Gerald J. Voros (May 13, 1930 – February 4, 2019) served as the Chairman of the International Committee of the Boy Scouts of America.

Voros took part in four world jamborees and was head of the American delegation at the 1995 18th World Scout Jamboree in the Netherlands. He served as a member of the Inter-American Scout Foundation for six years and chaired the group responsible for the reception of the Baden-Powell Companions in New York City in 2002.

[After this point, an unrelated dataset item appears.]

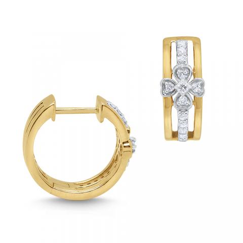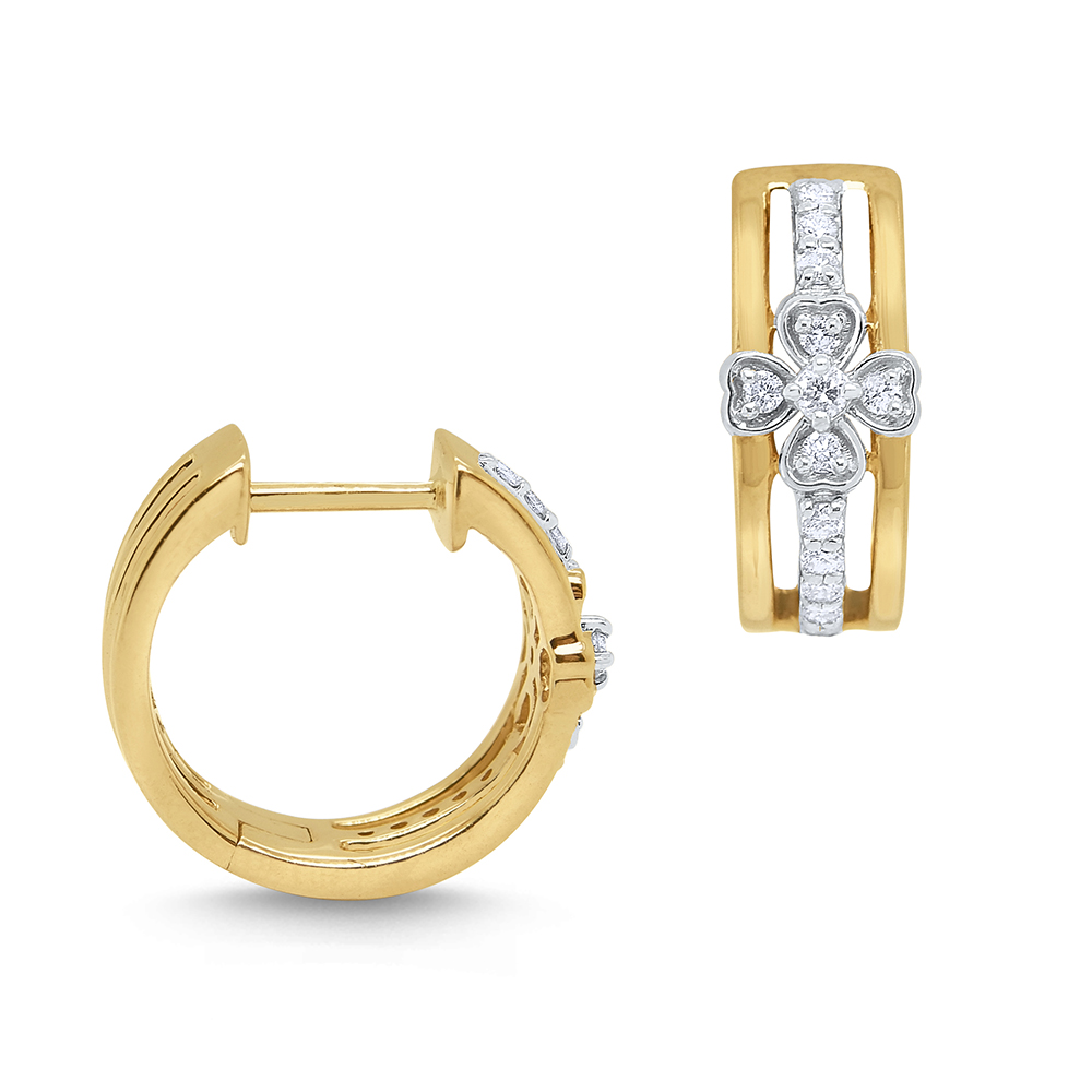 Gold huggie hoop earrings are accented with sweet flowers adding a romantic touch.
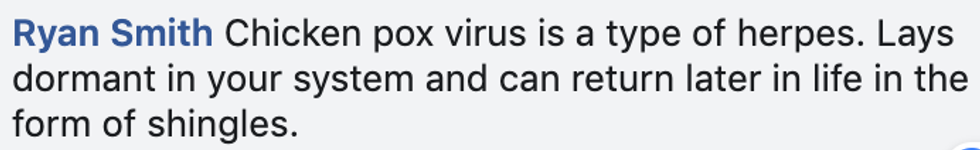 Several people didn't seem to understand that chickenpox and cold sores are caused by herpes viruses, or just how common the viruses are.

A Korean War veteran and an ex-Marine, Voros started his career in journalism and public relations, joining the Pittsburgh public relations agency Ketchum Communications in 1966 after leaving advertising agency N.W. Ayers in Chicago. In 1982 he was promoted from the head of the public relations unit to the president of Ketchum from 1983 until he retired in 1992. In 1983 he co-edited the book What Happens in Public Relations with Paul H. Alvarez. Involved in local politics as a supporter of the Democratic Party, he was campaign chair for Tom Murphy in 1993 leading to Murphy's election as Mayor of the City of Pittsburgh. Voros served as the chairman of the World Affairs Council of Pittsburgh (1988-1989), on the Development and Marketing Committee for the Extra Mile Education Foundation, and on the Board of Directors for the Pittsburgh Parks Conservancy.

In 2005, Voros was awarded the 308th Bronze Wolf, the only distinction of the World Organization of the Scout Movement, awarded by the World Scout Committee for exceptional services to world Scouting. He also received the Silver Buffalo Award in 1992.

Voros died on February 4, 2019, at the age of 88.